I suppose if you are planning to empty all the trays out each day and start again with fresh litter it will be OK, but does mean you will get through a heck of a lot of litter that way. 

The litter that I think is far and away the best is Natures Best (OKO Plus). It is a cereal based clumping litter, nice and soft on the paws, and easy to dig in. 
The clumps are easy to remove from the trays and are flushable (the wet bits are compostable), so they don't make the rest of the tray smell bad. It is more expensive to buy but lasts for ages, so is good value for money. Most cats seem to like it. [email protected] sells it.


----------



## Tictoc2013 (Aug 5, 2013)

Oko is definitely the best litter out there x


----------



## EmmaMia (Jul 28, 2013)

Is this it? I've never heard of Oko before. Might get a trial bag to see how she is with it..

Cat's Best Öko Plus: Great Deals on Cat Litter at zooplus


----------



## Tictoc2013 (Aug 5, 2013)

Yes that's it and its great x


----------



## lovemykittys (Jul 11, 2013)

I definately agree Natures Best (OKO Plus) is THE best cat litter. I have tried so many litters and this one is just perfect and works out much cheaper in the long run as it lasts so well. You must try it and see for yourself. If you didnt have hooded litter box it could possibly be messy if your cats are anything like mine but this litter in a hooded box is unbeatable


----------



## OrientalSlave (Jan 26, 2012)

For a clumping litter, Everclean is excellent though it does tend to track. The HD version is very fine, unscented and forms strong clumps.

I buy it from R&L Pet Products at Lancing which if you are at Brighton (your name suggests that) is quite close. They have a big range of cat litter including products made from recycled paper, wheat and other things.

However although one of my litter trays is filtered with a swing door I fold the door so it's open all the time. I think it can hold odours otherwise.


----------



## Citrineblue (Sep 28, 2012)

Definitely clumping for me all the time.........you just don't have to change the litter so often.

I love Worlds Best in my XXL litter tray, and use Cat's best Natures Gold (Oko but pelleted) in the other two trays. Both clump and are flushable. Both are soft on paws and the cats like both. They go through phases of which they like the best!!

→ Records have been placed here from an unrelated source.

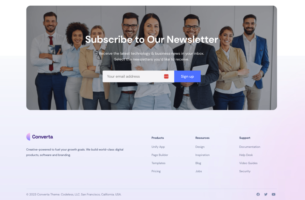 Allows users to add custom sections above or below the main footer section, like subscribe, forms, blog etc.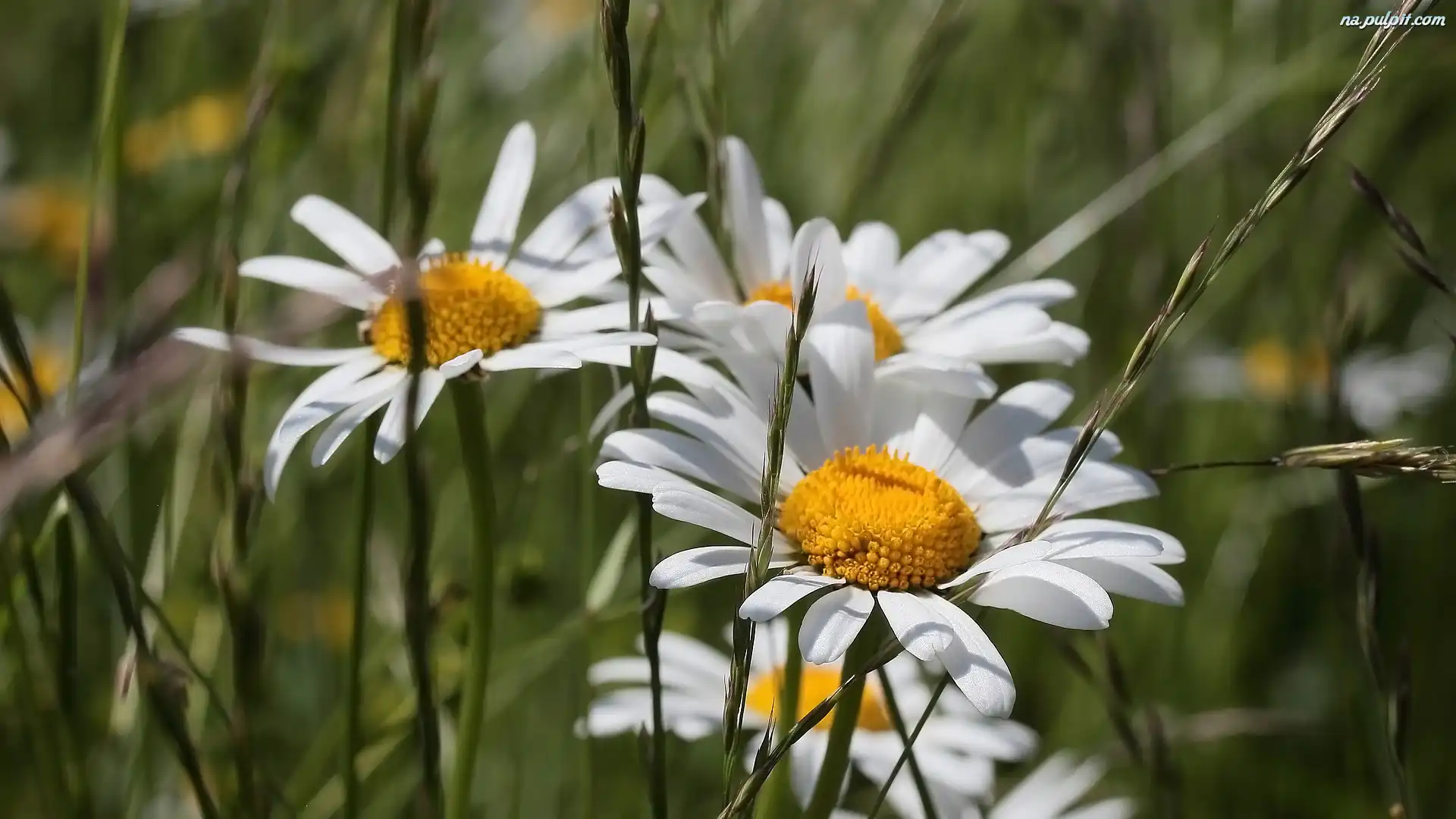 Trawa, Kwiaty, Białe, Źdźbła, Stokrotki Na Pulpit
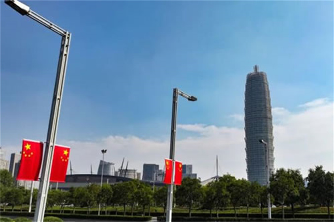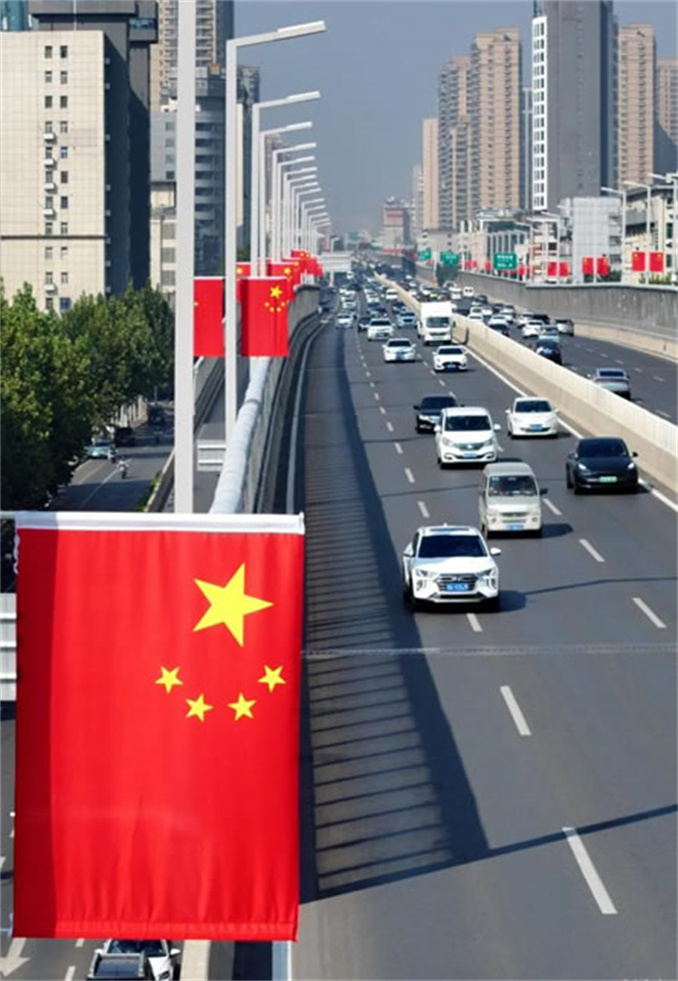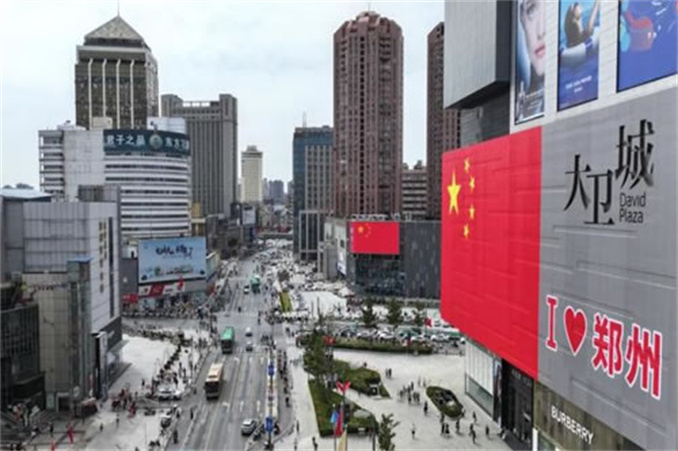 連日來,五星紅旗裝點著鄭州的道路、商場,到處是喜迎國慶的景象,為多彩的城市增添了一抹鮮紅的色彩!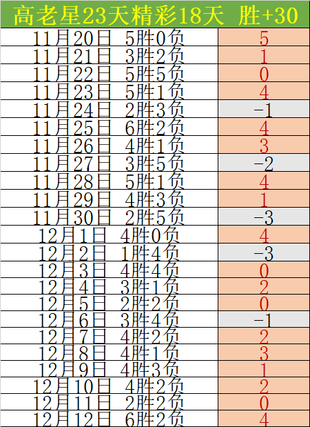 德甲16胜13,周末五大联赛较多,更加精彩发挥将出现。昨天8胜6,连续胜利来到第6天,23天胜18天胜+30,9月胜+11,10月胜+19,11月胜+22,连续3月双位胜增长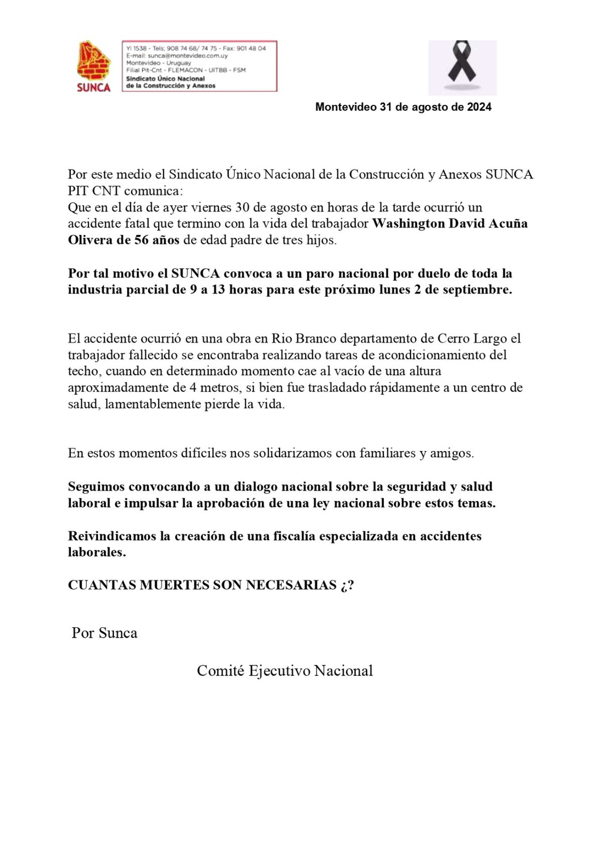 El accidente fatal ocurrió el pasado viernes 30 de agosto. Washington David Acuña Olivera, de 56 años, trabajaba en una obra en la localidad Río Branco, en el departamento de Cerro Largo, cuando en determinado momento cayó al vacío de una altura aproximadamente de 4 metros, indica el comunicado emitido por el sindicato.

I used to use the famous white litter brand and it just stinks sooooooo quickly. Recently I helped a friend when they were on holiday, she uses it and it just smells so quickly and you use so much changing the litter all the time. It fills your bin up darn fast too. I also prefer a natural based litter, less harm if ingested, and little problem with dust.


----------



## Muffins Mummy (Jul 28, 2013)

lovemykittys said:


> I definately agree Natures Best (OKO Plus) is THE best cat litter. I have tried so many litters and this one is just perfect and works out much cheaper in the long run as it lasts so well. You must try it and see for yourself. If you didnt have hooded litter box it could possibly be messy if your cats are anything like mine but this litter in a hooded box is unbeatable


In order for it to last so long, do you scoop it several times a day? Daily? Every other day? And do you top it up as you go - or do you use it for so long, dump the lsot and refill?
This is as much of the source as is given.